C'est le dernier avatar de l’affaire Kerviel, et il pèse lourd. La Société générale va devoir s’acquitter d’un surcroît d’impôt aussi important qu’imprévu : 2,2 milliards d’euros. Jusqu’ici, elle espérait pouvoir diminuer son imposition d’autant, en retranchant de ses bénéfices les 6,3 milliards perdus par l’imprudent tradeur Jérôme Kerviel en 2008. L’administration fiscale a — discrètement mais fermement — douché les espoirs de la banque au printemps dernier.
La Générale, qui n’a pas encore contesté ce redressement en justice, n’émet « aucun commentaire sur une information couverte par le secret fiscal ». Pas plus de réaction au sein du ministère des finances.
En 2008, les spéculations de Kerviel, s’ajoutant à la crise des subprimes, s’étaient traduites pour la banque par une énorme perte fiscale : 10,8 milliards. Heureusement pour elle, la loi autorise les sociétés à déduire de leurs bénéfices — passés ou futurs — les pertes enregistrées.
La Société générale avait donc utilisé quelque 4 milliards de pertes pour se faire rembourser une somme équivalant aux impôts qu’elle avait réglés entre 2005 et 2007. En 2010, le Trésor lui avait ainsi signé un chèque de 1,3 milliard. Mais le meilleur restait à venir. Le solde de sa perte (6,9 milliards), soit à peu près le montant imputable à Kerviel, devait lui permettre d’économiser près de 2,2 milliards d’impôt sur ses bénéfices futurs.
Mais l’arrêt de la cour d’appel de Versailles prononcé le 23 septembre 2016 a tout bousculé. C’est l’absence de contrôle de la banque, estime cette dernière, qui a permis à Kerviel de jeter les milliards par les fenêtres.
Sans compter que la banque ne pouvait ignorer les actions de son trader. On se souviendra aussi que les avocat⋅e⋅s de la Société générale ont tout fait pour manipuler la justice en faveur de la SG et que la vérité a triomphé grâce à la lanceuse d'alerte Nathalie Le Roy, flic qui s'en est pris plein la tête lors de ses déclarations et qui se fait laminer par sa hiérarchie aujourd'hui encore.
Le banquier joue la montre
Or la jurisprudence du Conseil d’Etat considère qu’une perte enregistrée par une société à la suite de malversations de l’un de ses employés n’est pas fiscalement déductible si la société a concouru à cette perte par sa « carence manifeste dans l’organisation, notamment dans le domaine du contrôle interne ». Soit très exactement ce qu’avançait la cour d’appel (et, avant elle, la Banque de France, dans un rapport daté de 2008).

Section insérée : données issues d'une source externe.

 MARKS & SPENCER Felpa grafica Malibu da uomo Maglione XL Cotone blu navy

La sentence connue, les ministres de l’Economie et du Budget, Michel Sapin et Christian Eckert, demandent le jour même à l’administration fiscale d’« examiner les conséquences de cet arrêt sur la situation fiscale de la Société générale [afin] de préserver intégralement les intérêts de l’Etat ». Vite fait, bien fait : début novembre 2016, le fisc pond une note juridique détaillée selon laquelle la Générale n’a effectivement plus droit à sa « déduction Kerviel ». Instruction manuscrite des deux ministres : « Engagez une procédure de “rectification contradictoire”. » Pour le dire moins galamment : un redressement fiscal. Celui-ci est peaufiné pendant trois mois par les Impôts, qui le transmettent au printemps à la Société générale.

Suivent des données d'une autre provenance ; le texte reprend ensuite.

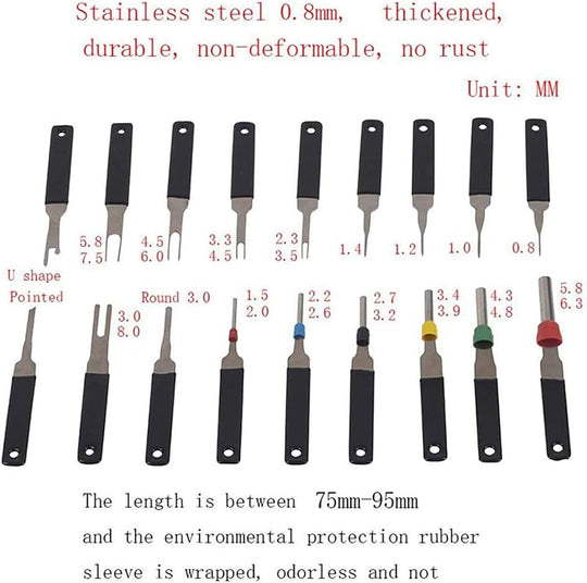 コネクタ端子の取り外しに使用される自動車端子取り外しツール車のワイヤーハーネスおよび家庭用電化製品の硬度 特徴: 真新しくて高品質 この端子工具取り外しキットセットはシャープ用ですので、保護ケースをご用意しております。工具を入れておくと持ち運びが楽になり、子供が工具で遊んだりするのを防ぐことができます。 当社のピン取り外しツールセットは、高品質のステンレス鋼と高硬度のプラスチックで作られています。変形しにくく、長期間繰り返し使用できます。 ピンヘッダーはさまざまな仕様で利用でき、ほとんどの電子機器のメンテナンスに適しているため、作業がより便利になります。 端子抽出ツール キットは、ほとんどのコネクタ端子に共通のツールで、ほとんどの車に適しています。 端子ピン取り外しツールは使いやすく、コネクタ取り外しツールで端子ピンを押したり引いたりするだけで、ワイヤーハーネスコネクタから簡単に取り外すことができます。 仕様: 材質: プラスチックと金属 サイズ:20x15cm/7.87x5.91インチ パッケージ内容: 18個の自動端子取り外しツール 注記: 手動測定のため、0~1mmの誤差はご了承ください。ご注文前に気にしないでください。 この端子工具取り外しキットセットはシャープ用ですので、保護ケースをご用意しております。工具を入れておくと持ち運びが楽になり、子供が工具で遊んだりするのを防ぐことができます。 当社のピン取り外しツールセットは、高品質のステンレス鋼と高硬度のプラスチックで作られています。変形しにくく、長期間繰り返し使用できます。 端子抽出ツール キットは、ほとんどのコネクタ端子に共通のツールで、ほとんどの車に適しています。 ピンヘッダーはさまざまな仕様で利用でき、ほとんどの電子機器のメンテナンスに適しているため、作業がより便利になります。 端子ピン取り外しツールは使いやすく、コネクタ取り外しツールで端子ピンを押したり引いたりするだけで、ワイヤーハーネスコネクタから簡単に取り外すことができます。 › もっと見るតម្លៃដែលទៀងទាត់ 1,554តម្លៃដែលទៀងទាត់ 1,554 -

Laquelle joue la montre. Plutôt que de contester immédiatement en justice le redressement, elle a choisi d’attendre un refus clair de l’administration pour le jour où elle voudra dégonfler ses bénéfices avec son crédit d’impôt. La messe ne sera pas dite pour autant : entre la contestation du redressement devant le tribunal administratif, puis la cour administrative d’appel et, enfin, le Conseil d’Etat, cinq ans, au moins, risquent de s’écouler.
L’affaire Kerviel a encore de beaux jours devant elle.
Je vois ça positivement : le fisc et les ministres ont essayé de faire leur boulot. Affaire à suivre.
Dans le Canard enchaîné du 17 janvier 2018.